Die Essener sind mir bekannt, wobei ich die nicht als traditionelle Juden halte
Das kann ich nicht so ganz nachvollziehen, genausogut könnte man die Pharisäer als "nicht traditionelle Juden" bezeichnen; peruschim bedeutet ja so viel wie "die Abgesonderten", um nicht zu sagen "die Separatisten". Die traditionalistischste Richtung dürfte vielleicht in den Samaritanern zu sehen sein, wobei die Samaritaner von den übrigen Gruppen als außerhalb des Judentums stehend wahrgenommen wurden. Eine bemerkenswerte Gemeinsamkeit scheint die Samaritaner mit den eher konservativen Sadduzäern verbunden zu haben: Sie akzeptierten nur den Pentateuch als kanonisch. Neben den drei Schulen, die Josephus auflistet, gab es weitere Strömungen und Sondergruppen, die alle zweifellos zum Judentum zu rechnen sind.

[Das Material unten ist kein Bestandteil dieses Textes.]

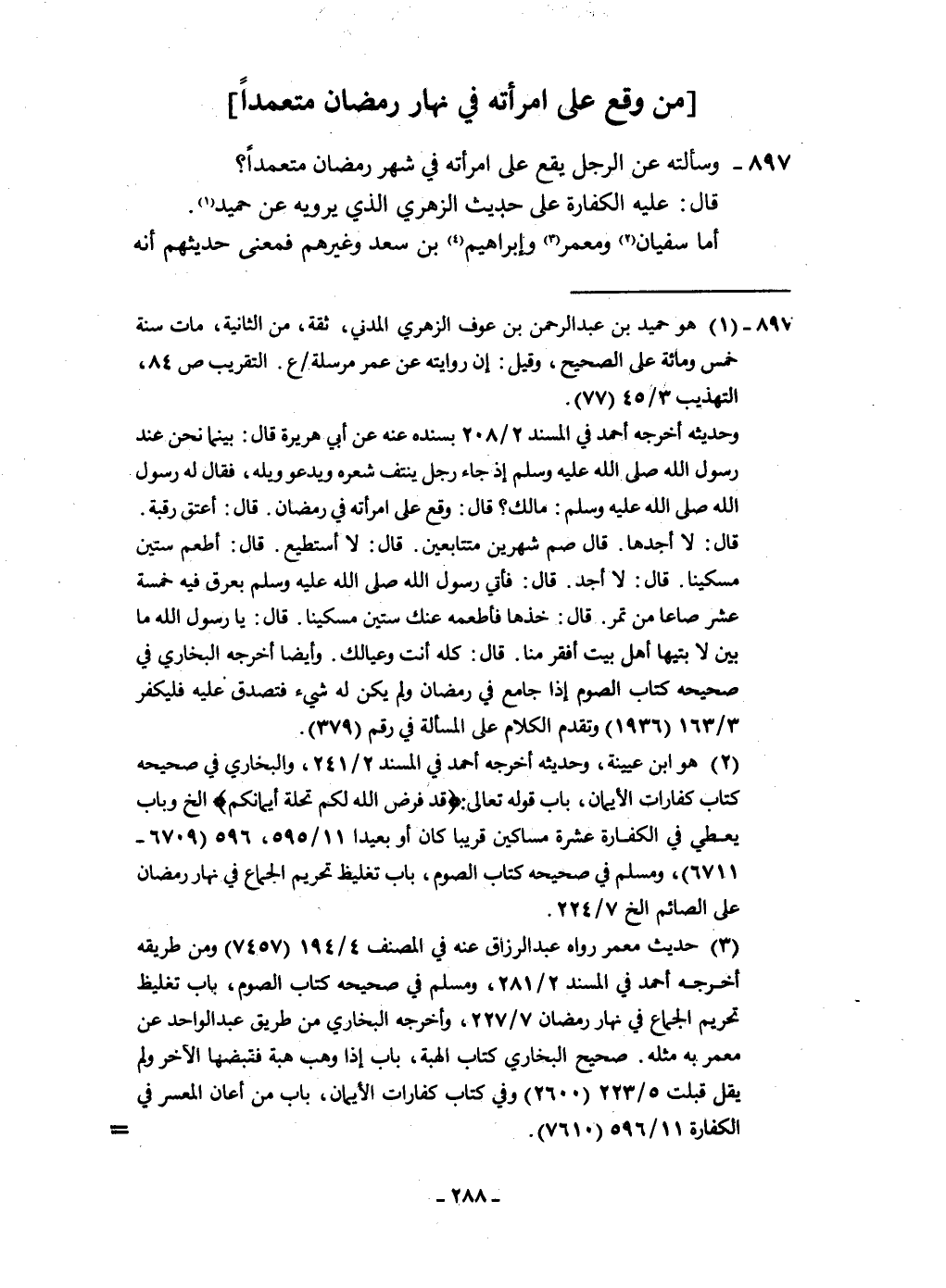 897 - وَسَأَلته عَن الرجل يَقع على امْرَأَته فِي شهر رَمَضَان مُتَعَمدا قَالَ عَلَيْهِ الْكَفَّارَة على حَدِيث الزُّهْرِيّ الَّذِي يرويهِ عَن حميد أما سُفْيَان وَمعمر وَإِبْرَاهِيم بن سعد وَغَيرهم فَمَعْنَى حَدِيثهمْ أَنه

Nach der Zerstörung des Tempels setzten sich vor allem die pharisäischen Auffassungen durch. Von den drei Richtungen, die Flavius Josephus auflistet, entsprechen daher am ehesten die Pharisäer dem Bild, das wir heute vom "traditionellen Judentum" haben. Es wäre aber ein Fehler, dieses Bild zum Maßstab der Zeit vor dem Jahr 70 zu machen.